*REQUIRED WORK:* Only the lines below from the one with "This page presents" through the one with "奧尼爾曬過(guò)去30年" are to be written out, exactly and without any images.

*RECORDS FOR PROCESSING:*
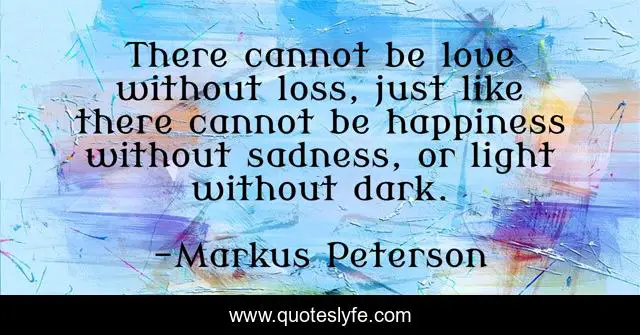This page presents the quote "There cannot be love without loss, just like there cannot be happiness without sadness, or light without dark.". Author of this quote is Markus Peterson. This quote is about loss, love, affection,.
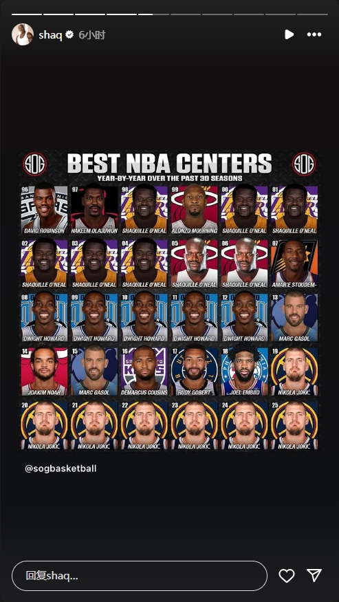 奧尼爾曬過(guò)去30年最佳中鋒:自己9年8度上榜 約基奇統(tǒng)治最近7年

...

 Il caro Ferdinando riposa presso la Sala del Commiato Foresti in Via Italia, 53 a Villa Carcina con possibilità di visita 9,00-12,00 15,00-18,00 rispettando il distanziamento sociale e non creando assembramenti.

*EXPECTED OUTPUT:*
This page presents the quote "There cannot be love without loss, just like there cannot be happiness without sadness, or light without dark.". Author of this quote is Markus Peterson. This quote is about loss, love, affection,.
 奧尼爾曬過(guò)去30年最佳中鋒:自己9年8度上榜 約基奇統(tǒng)治最近7年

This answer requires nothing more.